Triadomerini, Huber, 2017

Tribe Triadomerini stat. n.

Notes.

Yoshimoto (1975) treated the Cretaceous amber fossils from Canada and classified Triadomerus Yoshimoto in his new subfamily Triadomerinae , Carpenteriana Yoshimoto and Macalpinia Yoshimoto in Mymarinae , and Enneagmus Yoshimoto in Trichogrammatidae . He defined his Triadomerinae as "having the submarginal and marginal veins distinctly separated at the junction of the fore wing and antennae 13-segmented in the female". Poinar and Huber (2011) keyed the Cretaceous genera of Mymaridae , adding only Myanmymar Huber from Burmese amber to bring the number of genera to five, including Enneagmus , which Huber (2005) had reclassified in Mymaridae .

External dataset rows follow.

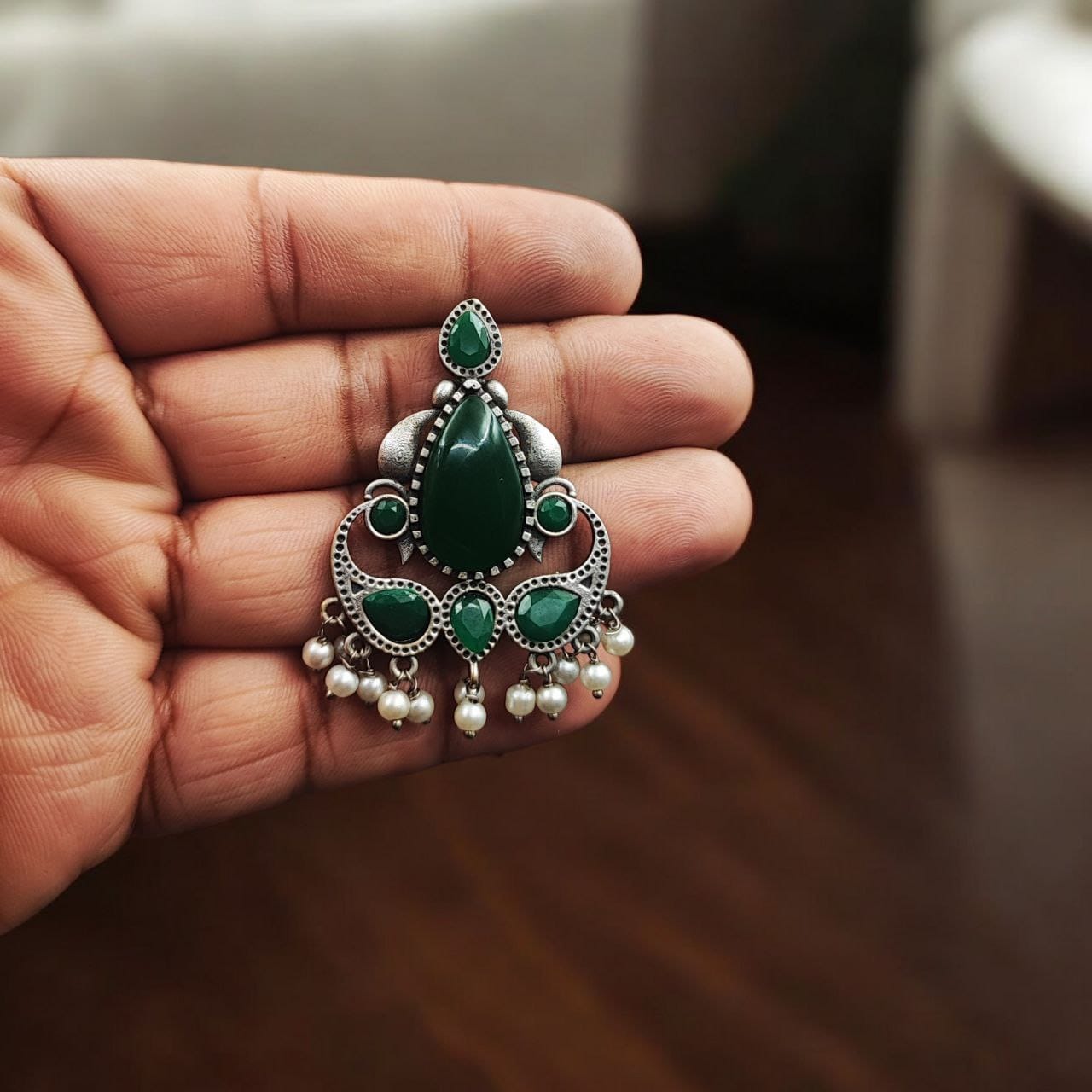 Green Premium Quality Ethnic Indian Brass Stud Earring Silver Oxidised Pearl Beads Drop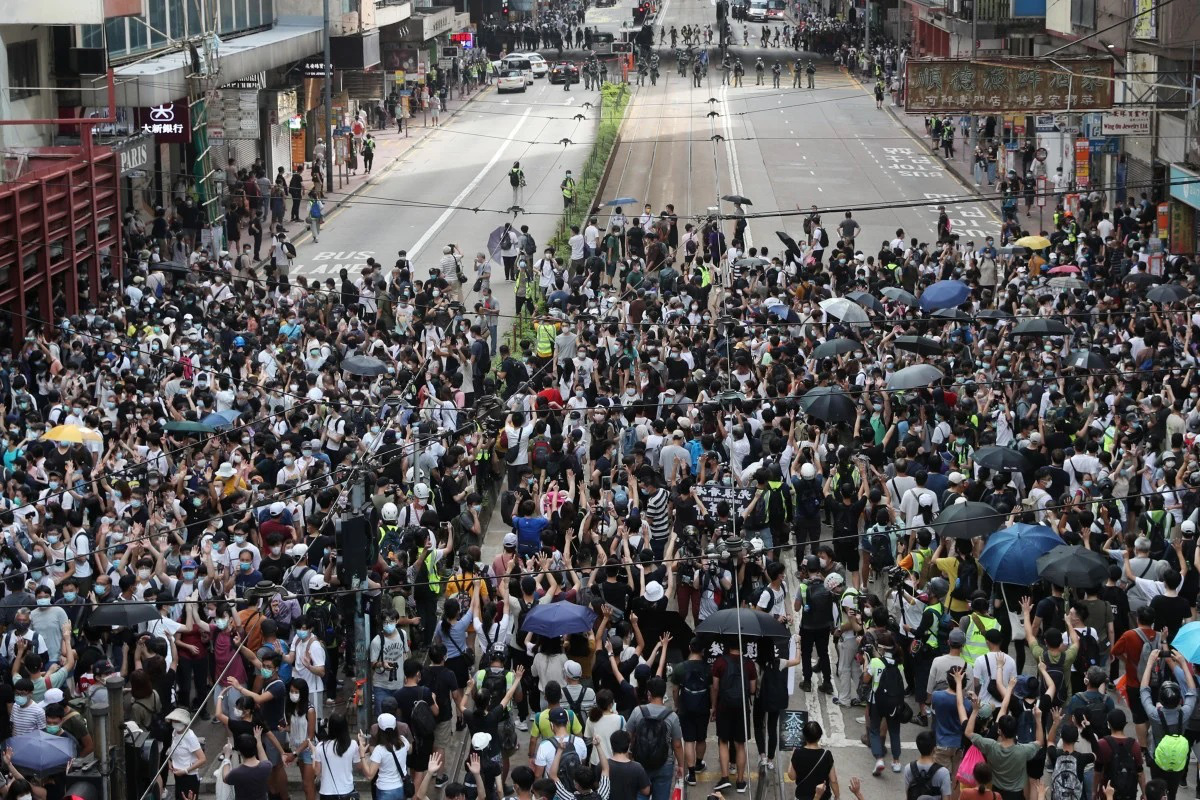 Hàng nghìn người trước đó đã xuống đường tuần hành bất chấp lệnh cấm biểu tình để phản đối luật trên. Người biểu tình tuyên bố rằng họ đang bảo vệ các quyền tự do của mình trước luật an ninh mới gây tranh cãi.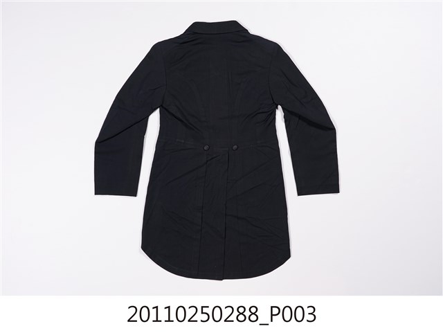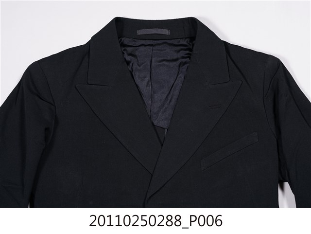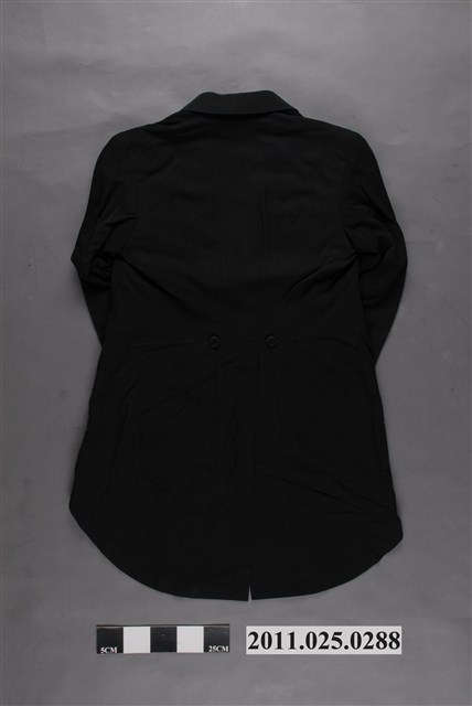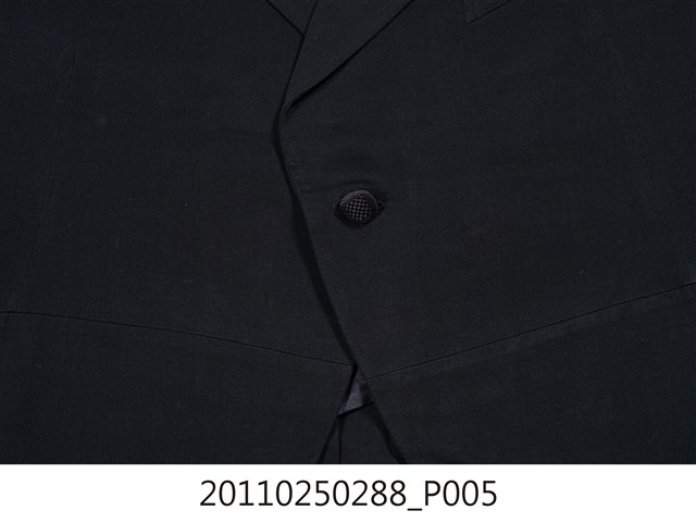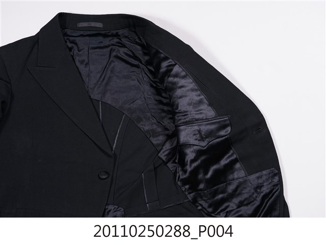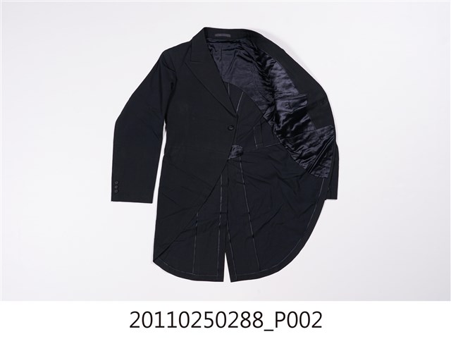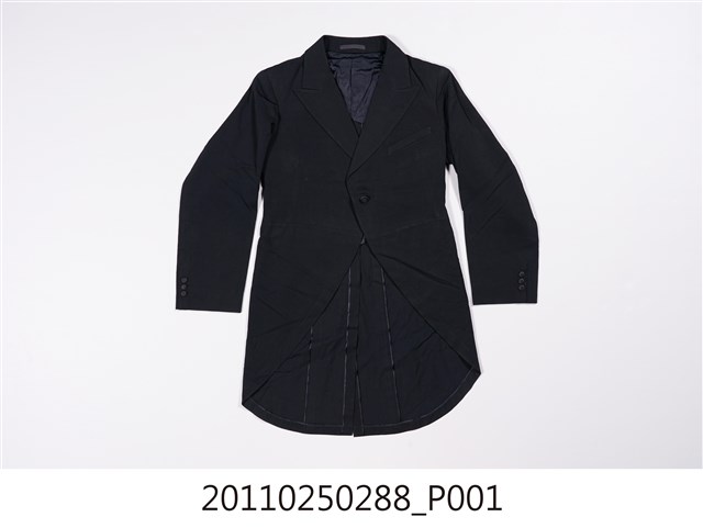 1. 此件服裝為雙層結構,表布為黑色毛料製作,內襯黑色緞面絲裡,衣服後領中心有裡布做成的袢環,用來掛衣服的時候使用。衣服的正面是單片裁剪(無剪接片),前開襟單排扣(縫有一顆包扣),前襟下襬向左右作弧度展開,典型的劍領(尖角領)造型,左邊下片領外側有一橫開的釦眼(此為插花朵的開孔),左胸前有立式口袋。燕尾服的裁剪特色在後片的剪接,為了做出合身的線條,後身有多道接縫線,腰線下以打褶來增加活動量,並在褶子頂端加縫釦子聚焦視覺效果。袖子通常為合身的二片袖,袖口開衩並縫袖釦作裝飾,整體效果隆重而高雅。2. 燕尾服(tailcoat)是一種前身短,裁至腰部,後襬較長(一般到膝下)的外套,因後襬開衩如燕尾而被稱作燕尾服,原本是因應騎馬需求而產生的服裝,後來演變為正式的禮服。燕尾服的下片領通常採用緞面材質製作,領型為劍領(peaked collar,或稱為尖角式西裝領)造型,下身搭配的長褲邊脇線亦車以緞面條飾,搭配襯衫、白背心、白領結、白手套及黑色漆皮皮鞋。

I treat Yoshimoto's Triadomerinae as a tribe, defined as follows, based mainly on extant genera and species: mandible with 3 ( Borneomymar , Eustochomorpha ) or 4 teeth; pronotum entire; fore wing wide, with marginal setae much shorter than wing width; venation more than 85% of wing length, with marginal vein present and longer than submarginal vein, and with postmarginal vein present and longer than marginal vein; hypochaeta, when present, closer to proximal than to distal macrochata; hind wing wide with marginal setae shorter than wing width; tarsi 5-segmented, with tarsomere 1 distinctly longer than any of the others; petiole clearly shorter than wide, ring like. Female. Antenna with flagellum at most 11 segmented (funicle 8-segmented and clava 1-3-segmented); ovipositor usually greatly exserted beyond either posterior ( Borneomymar , Eustochomorpha ) or anterior ( Neotriadomerus ) apex of body but in the extinct genera not projecting either anteriorly or posteriorly. Male. Antenna 11-segmented, the flagellomeres each with several mps; genitalia encapsulated, with short, thick parameres, apparently without digiti (in Neotriadomerus ) but thinner walled and with digiti (in Borneomymar )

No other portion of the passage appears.